Patrick Muyaya tente de rassurer : Ni balkanisation de la RDC ni interdiction des FARDC de Bunagana

Lundi 3 avril au cours de son briefing de presse, le porte-parole du Gouvernement n’a pas, non plus, indiqué clairement qui contrôle actuellement la cité de Bunagana. Patrick Muyaya a fait savoir que le processus en cours s’inscrit dans la logique des accords des chefs d’Etat et que « le schéma convenu est que le M23, qui a commencé progressivement à se retirer, puisse laisser la place à la force régionale » avant que les FARDC se reprennent position progressivement. La durée de ces opérations n’a pas été précisée.

Le Ministre de la communication et média a aussi assuré que « la force régionale est une force d’appui aux forces armées de la RDC et toutes ces troupes, qui sont actuellement sur le sol Congolais, y sont sur invitation du gouvernement congolais dans l’objectif de travailler pour le retour de la paix ». Et que « cela ne doit donc pas être interpellé comme une quelconque forme de balkanisation d’autant plus que l’objectif recherché est de parvenir à la fin des hostilités ».

Une façon pour lui également de tordre le cou aux « campagnes de manipulations qui circulent sur les réseaux sociaux » et de garantir qu’il « n’est aucunement pas possible d’interdire les forces armées de la RDC de faire leur travail sur le territoire de la RDC». Avant de marteler : « Nous sommes dans l’effectivité de l’application des mesures qui ont été décidées par les différents chefs d’Etat. Il est question que le M23 se retire et que progressivement les FARDC reprennent de l’espace».

Bunagana : un enjeu stratégique pour le M223 et psychologique pour les Congolais

La situation de la cité de Bunagana est un enjeu majeur pour les protagonistes depuis son occupation, mi-juin 2022, par les rebelles du M23 lourdement soutenus par l’(armée rwandaise. Bunagana est, en effet, une zone stratégique pour la rébellion du M23. Ce point névralgique lui permet de recevoir des renforts et du soutien logistique, autant que d’assurer l’évacuation des blessés et d’autres mouvements utiles à la gestion de ses différents fronts.
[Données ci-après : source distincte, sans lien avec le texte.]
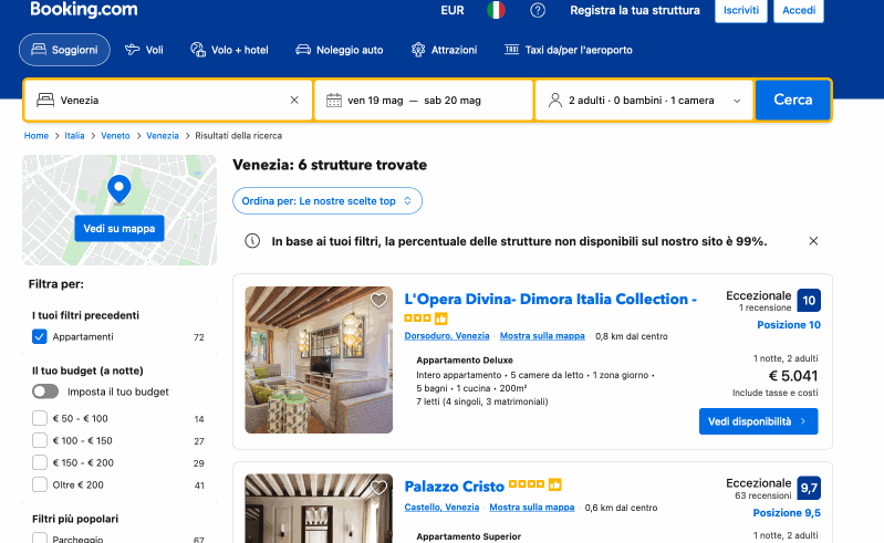 Se apriamo Booking.com oggi (11/05) il 98% degli annunci di qualsiasi tipo e il 99% degli appartamenti, risulta occupato. Di fatto, in tutto il territorio rimangono solo 6 appartamenti prenotabili, con un prezzo mediano a notte di €980.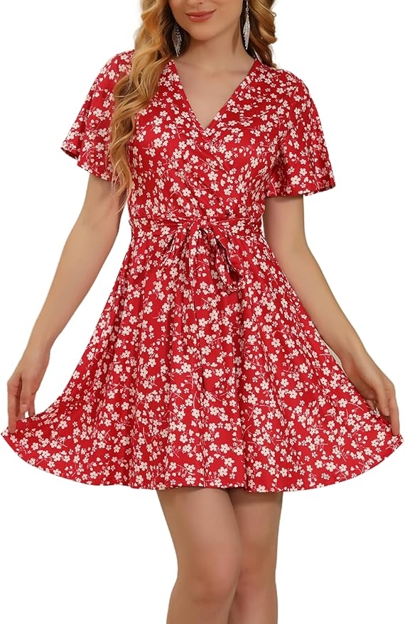 Aphratti Women's Fit and Flare Summer Dresses V Neck Short Sleeve High Waist Casual Floral Faux Wrap Dress, AC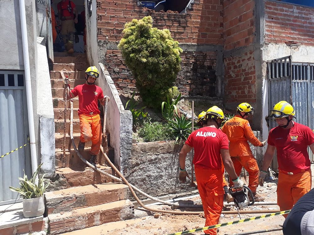 Bbombeiros trabalharam por mais de 5 horas para localizar o corpo da mulher. Foto: Cortesia ao TNH1 / Handson Holanda - TV Pajuçara |

Côté congolais, Bunagana est surtout un enjeu psychologique en ce que la chute, sans combats, de cette cité avait touché le moral des troupes et entamé sévèrement la confiance de l’opinion congolaise quant à la capacité de ses dirigeants d’en finir avec cette rébellion qui avait pourtant été refaite depuis 2013. Les succès successifs de cette rébellion, avec le soutien du Rwanda, n’ont pas amélioré les choses.
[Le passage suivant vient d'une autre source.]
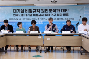 전국민주노동조합총연맹과 전국불안정노동철폐연대는 5일 민주노총 대회의실에서 ‘대기업 비정규직 실태 연구 결과’를 발표했다. 연구 결과에 따르면 기...
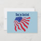 Invitation à une fête du jour de l'Indépendance du 4 juillet. Un drapeau américain flottant à l'arrière-plan.
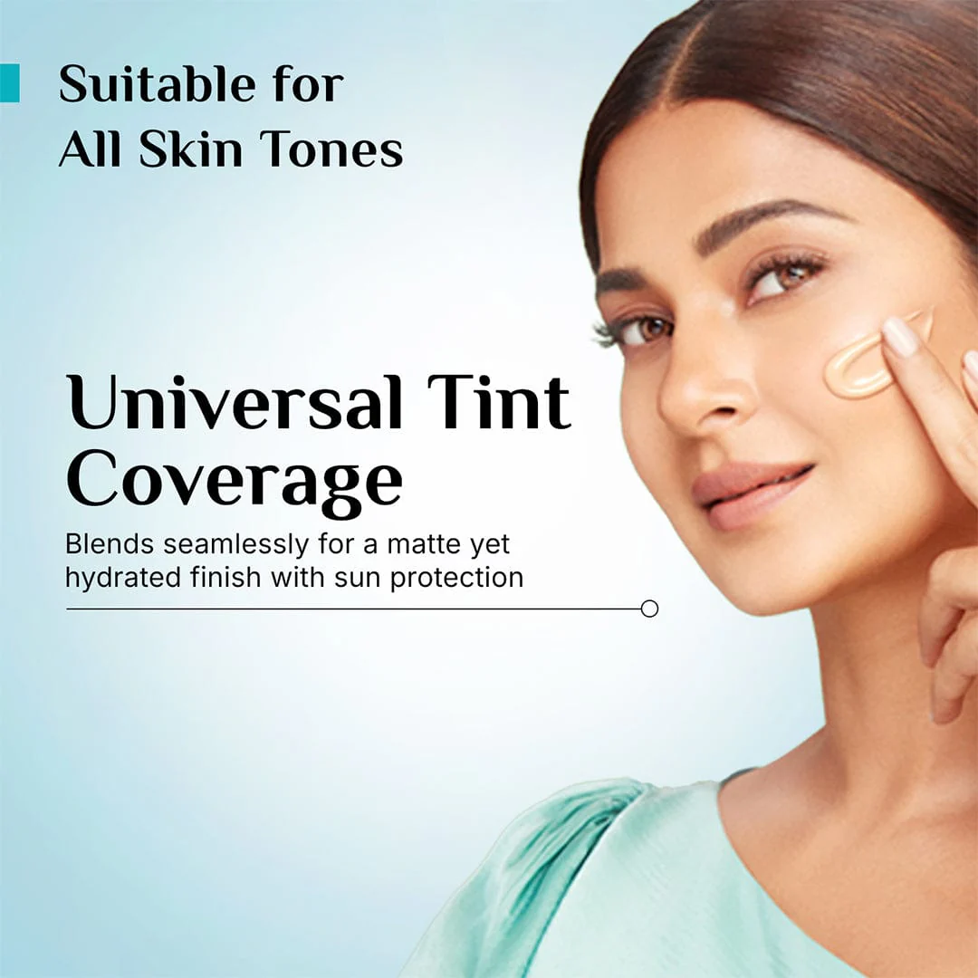 Discover the perfect fusion of skincare and sun protection with the Korean White Lotus Tinted Sunscreen SPF 50+ PA++++. Designed for effortless beauty, this sunscreen not only shields your skin from UVA, UVB, and blue light damage, but also offers an universal tint, light coverage that evens out your skin tone, providing a natural glow. Infused with Korean White Lotus, rich in antioxidants, it deeply nourishes and enhances skin radiance. 3% Niacinamide works to brighten, strengthen the skin barrier, and minimize the appearance of fine lines. Powered by UVShieldX™ Technology, this lightweight, non-greasy formula ensures broad-spectrum protection, preventing tanning, sun damage, and premature ageing. This Korean White Lotus Tinted Sunscreen SPF 50+ PA++++ delivers high-performance sun protection, universal tint, and powerful skincare benefits in one easy application. Say goodbye to white cast, greasy finishes, and heavy makeup—this tinted sunscreen is all you need for the perfect balance of advanced sun protection and natural tint.

Et malgré la sortie médiatique de Patrick Muyaya, le retrait du M23 continuent de susciter des interrogations des Congolais sur la situation réelle de Bunagana : Si les FARDC ne se déploiement pas automatiquement sur Bunagana, qui en assure le contrôle ? C’est-à-dire : qui assure la sécurité et l’administration de la cité, en ce compris la douane et le reste la vie socioéconomique ? En un mot : l’autorité de l’Etat est-elle redéployée à Bunagana ?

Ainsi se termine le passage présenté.